Как-то возвращаюсь домой со школы. В подъезде курит сосед. Помню, было холодно. За окном шел дождь со снегом. Порывы ветра дергали оконную раму.
– Какая страна, блять, такая и погода, – сосед сплюнул на лестничную клетку и зло посмотрел на меня. – Как там в школе, пионер?
– Хорошо, – соврал я.
– Это хорошо, когда хорошо, – сосед втянул носом что-то из глубины себя и отправил получившееся на ступеньки. Время выходило из людей вместе с дурными привычками. Очень часто люди принимались рассматривать получившееся пятно. Видимо, пытались рассмотреть черты ментальной идентичности.

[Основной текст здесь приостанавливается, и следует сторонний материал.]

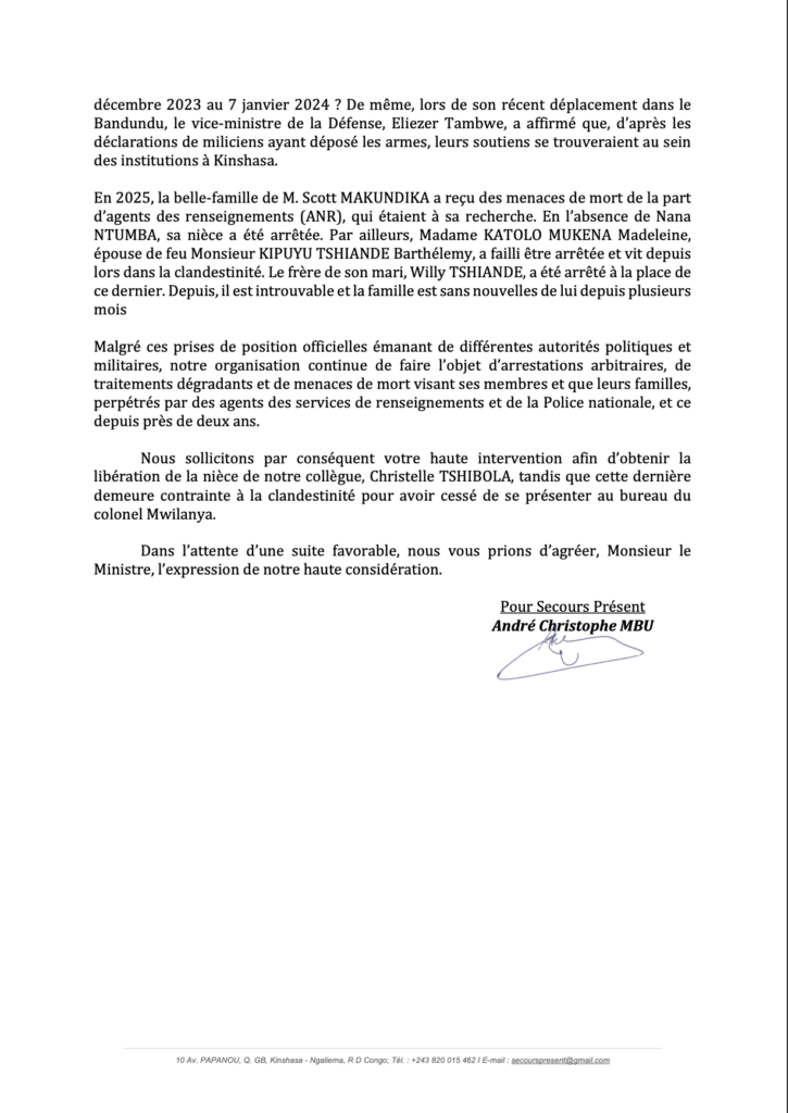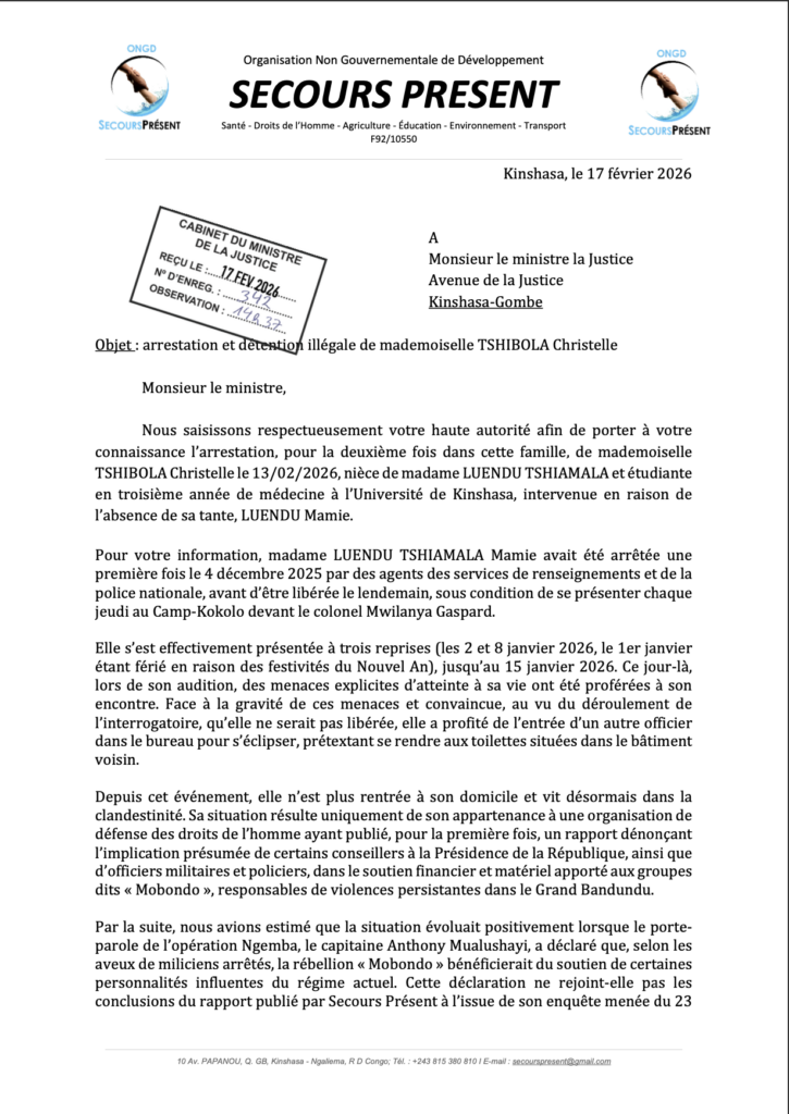La machine à écraser toute voie dénonçant l’injustice. L’association ” Secours Présent ” accuse… Kabeya VancyFebruary 19, 2026March 8, 2026
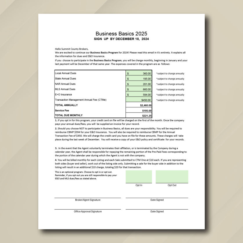 If you choose to participate in the Business Basics Program, you will be charge monthly, beginning in January and your last payment will be December of that same year. (Please Note NOT to use these forms after January 2025)
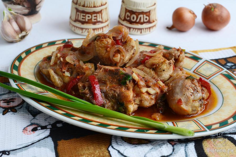 Хочу предложить вам рецепт невероятно вкусного блюда из грузинской кухни - чахохбили. В давние времена блюдо готовилось из фазана, сейчас - из курицы. Особенность приготовления чахохбили - очень много лука и специй, сухое вино и томаты, а также, предварительное сухое обжаривание курицы. Блюдо получается необычайно нежным, пряным и ароматным. Чахохбили можно сделать острым, что присуще грузинским блюдам, но если кто не любит, и без перца получится отлично.

И как-то тянулось оно все так – то устаканится, то снова во все тяжкие. Безденежье детонировало семейные ссоры. Домашний уют катился под откос. Кто-то слил тормозную жидкость компромиссов и вот снова мы летим в кювет скандалов и извращенной ругни. Ждать спасительный буксир не имело смысла.

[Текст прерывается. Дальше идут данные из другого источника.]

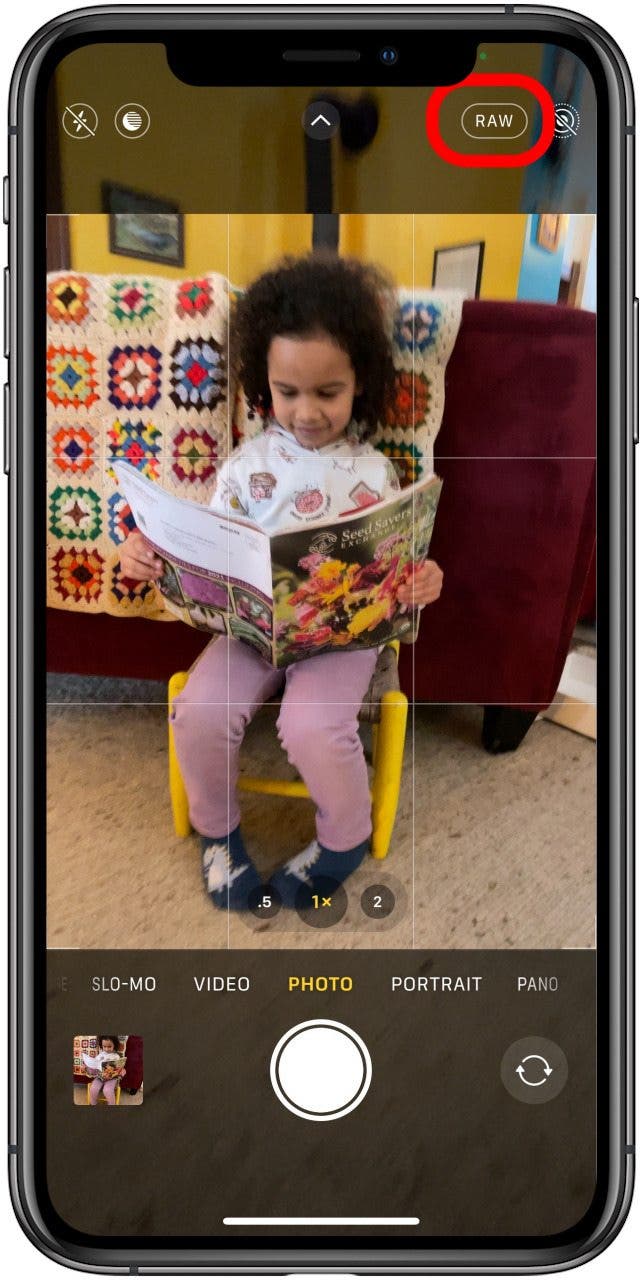 - 要拍摄 Apple ProRaw 照片,请打开相机应用程序,点击原始图标并确保没有斜线穿过它,然后照常拍照。

Хожу в школу без энтузиазма, даже с отвращением. Выбор будущей профессии кажется заоблачной перспективой. Мечтаю, что никуда даже не успею поступить. Волна рок-н-ролла снесет меня и потащит к вулкану стадионной сцены. И вот я с гитарой, у микрофона, на краю самого кратора, извергаю лавину. Подступы забиты головами фанатов. Но реальное положение дел оказалось более фантастическим. В первую очередь, конечно, в силу своей прозаичности.